The range runs from the line containing "Part of Nicolai" to the last line of the entries. Restate those lines word for word, without the pictures.

#####

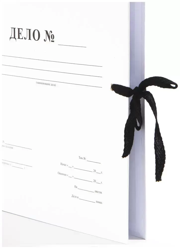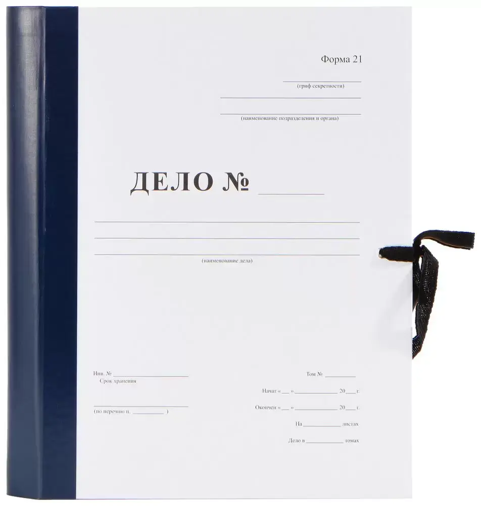 Архивная папка «ДЕЛО №…» (форма 21) формата А4 выполнена из плотного картона, обклеенного офсетной бумагой. Корешок мягкий, шириной 70 мм, выполнен из синего бумвинила. Внутренние гребешки с 4 отверстиями из плотного картона и бумвинила того же цвета позволяют подшивать документы с помощью шнура до 650 листов. В закрытом виде папка фиксируется двумя завязками.
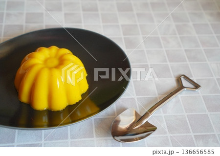 黒皿にのせた黄色いゼリーと可愛いスコップスプーン
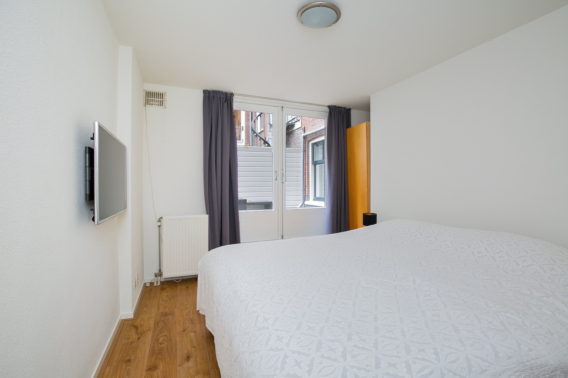 At the front is the spacious and luxuriously furnished living room with large windows that give a beautiful view of the Singelgracht.
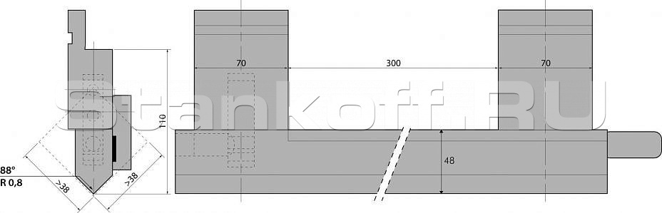 Н (высота), 140. Радиус гиба, 0.8. Градус гиба, 88. Тоннаж, 150. Материал, 42Cr:900-1150 N/mm².
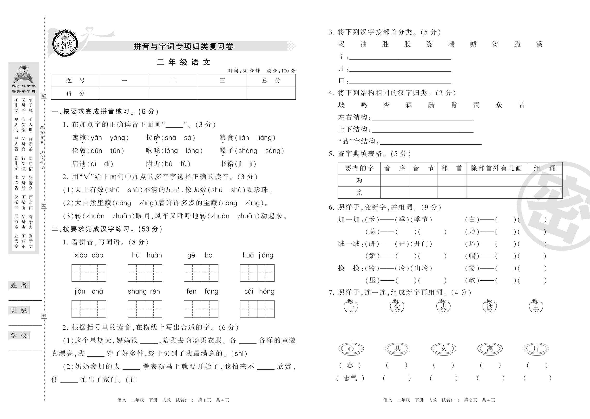 王朝霞期末专项卷二年级下册语文(人教版)_R21080172229【1】
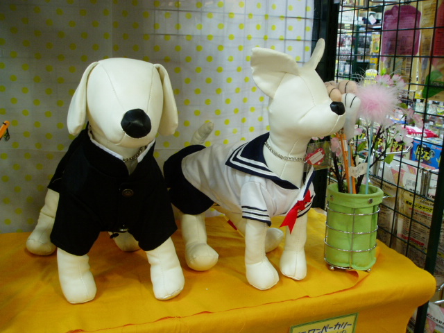 日曜日、お笑いライブに行ったとき、帰りにペットショップ「コジマ」が入っているので、おはなちゃん(うさぎ)のお土産に、毎回、かじり木を買いに行きます。ついでに、いろいろな動物を見るのが楽しみです。犬・ネコ・うさぎ・ハムスターといろいろ。癒されますね。そして、犬用にこんな洋服まであったので、写真にとって見ました。学生服です。セーラー服かわいい。この衣装はどうしても、やっくんを考えてしまいます。
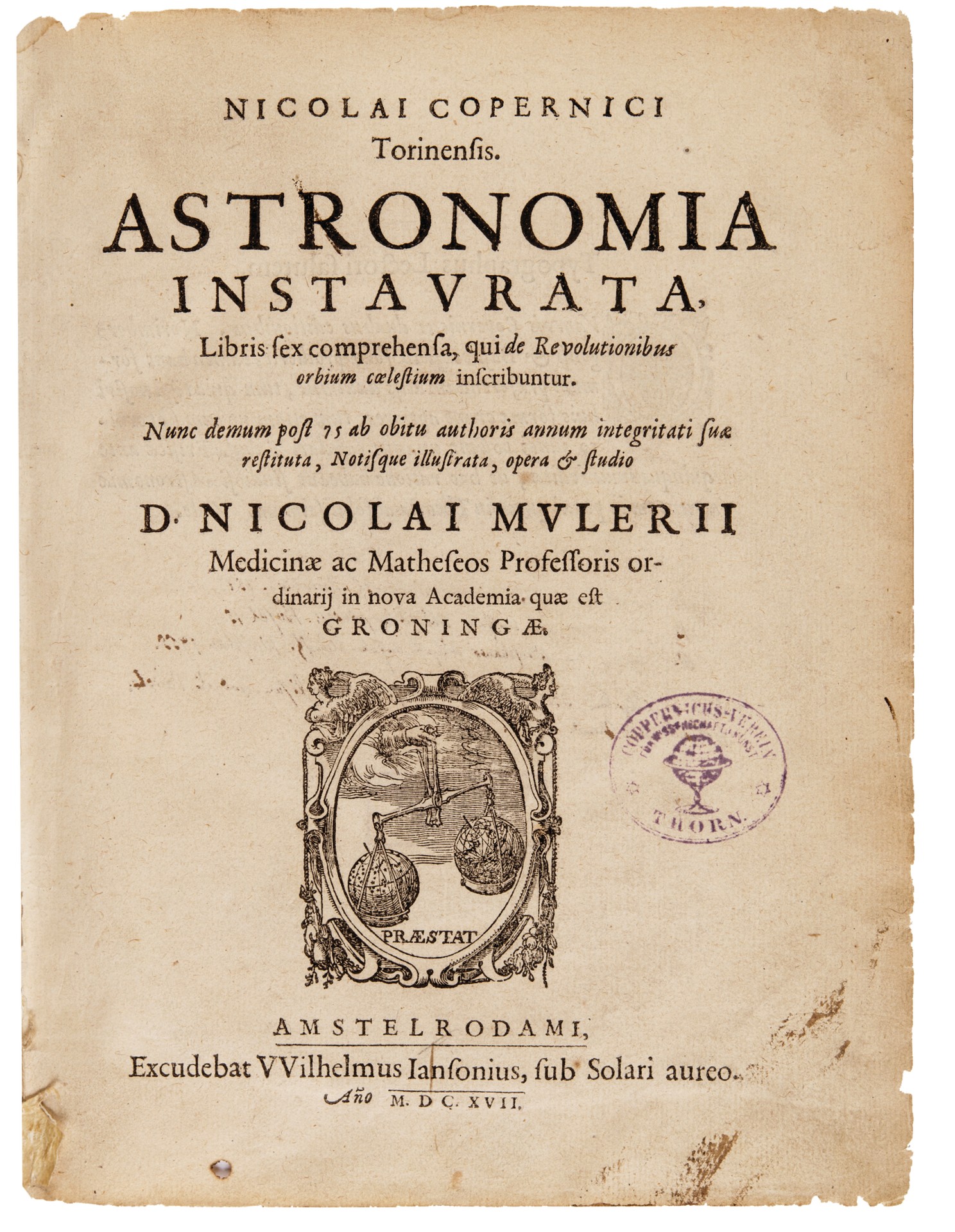 Part of Nicolai Copernici Torinensis Astronomia Instavrata, Libris sex comprehensa, qui de Revolutionibus orbium coelestium inscribuntur. Nunc demum post 75 ab obitu authoris annum integritati suae restituta, Notisque illustrata, opera [et] studio D. Nicolai Mvlerii Medicinae ac Matheseos Professoris ordinarij in nova Academia quae est Groningae
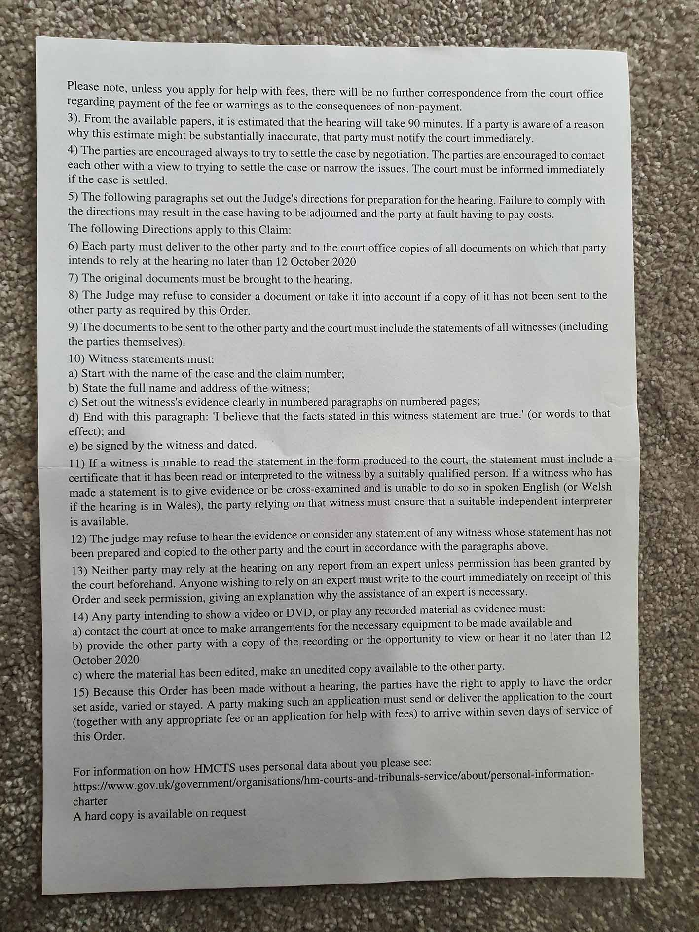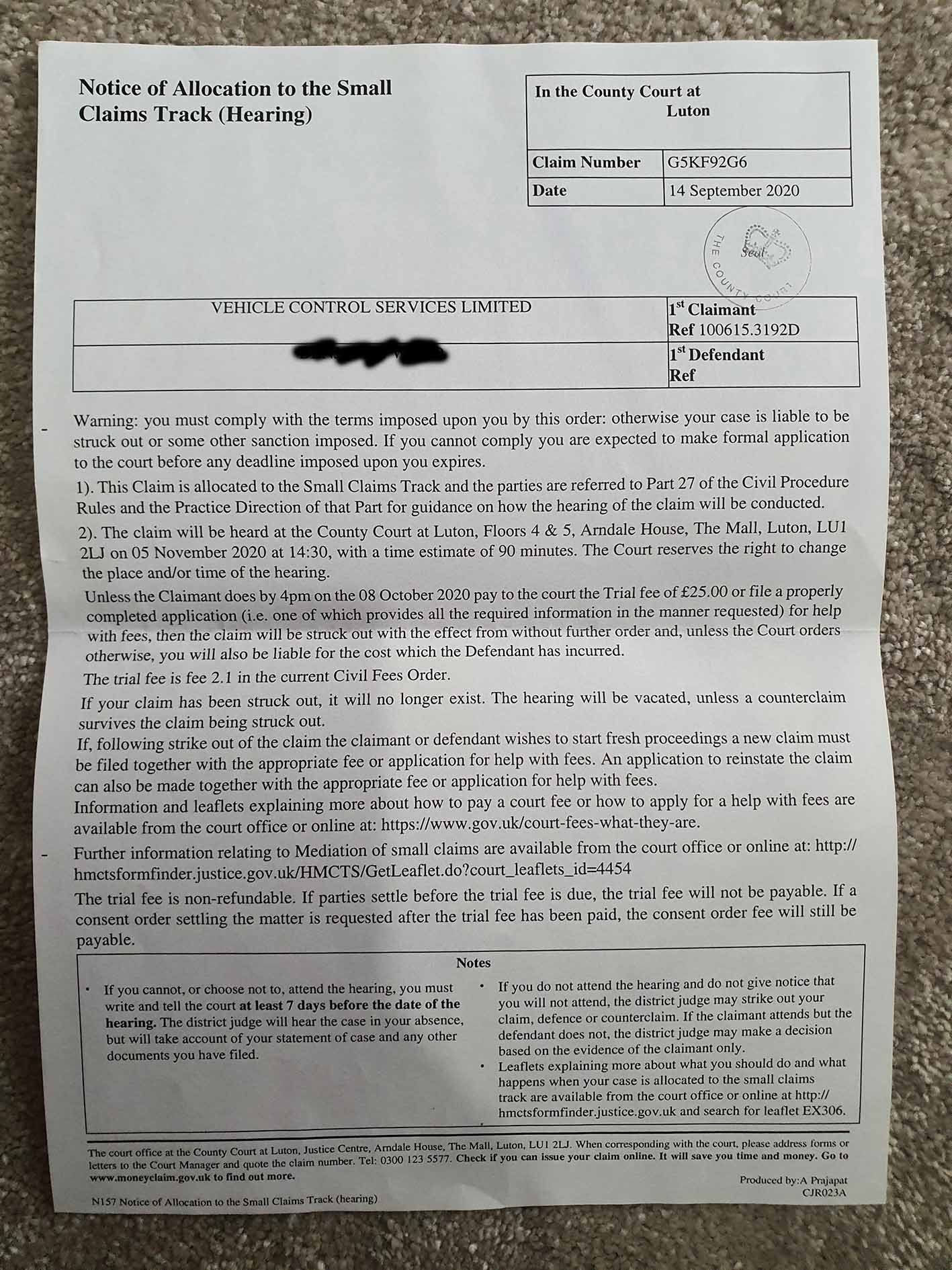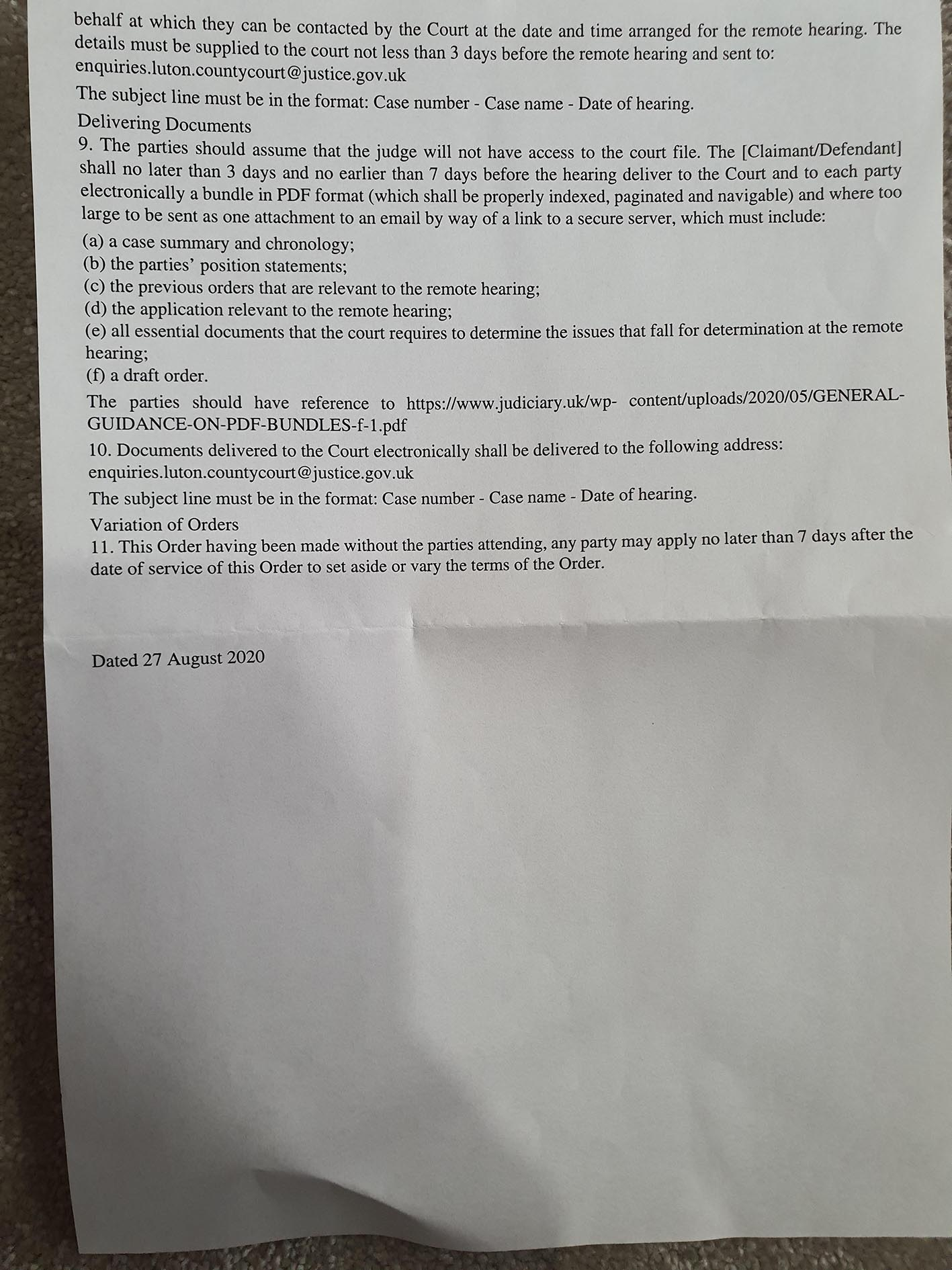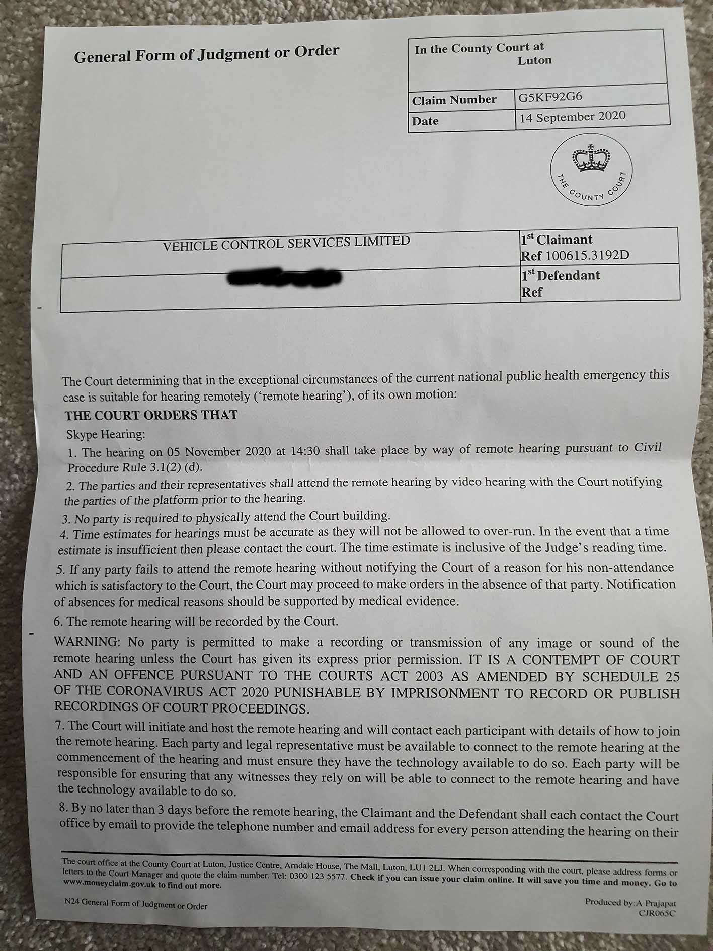 I received a 'General Form of Judgement or Order' from Luton, with a remote hearing date (5th November) and instructions on how to file a 'bundle' for the judge.

#####

- _Response to the exercise_
 Part of Nicolai Copernici Torinensis Astronomia Instavrata, Libris sex comprehensa, qui de Revolutionibus orbium coelestium inscribuntur. Nunc demum post 75 ab obitu authoris annum integritati suae restituta, Notisque illustrata, opera [et] studio D. Nicolai Mvlerii Medicinae ac Matheseos Professoris ordinarij in nova Academia quae est Groningae
 I received a 'General Form of Judgement or Order' from Luton, with a remote hearing date (5th November) and instructions on how to file a 'bundle' for the judge.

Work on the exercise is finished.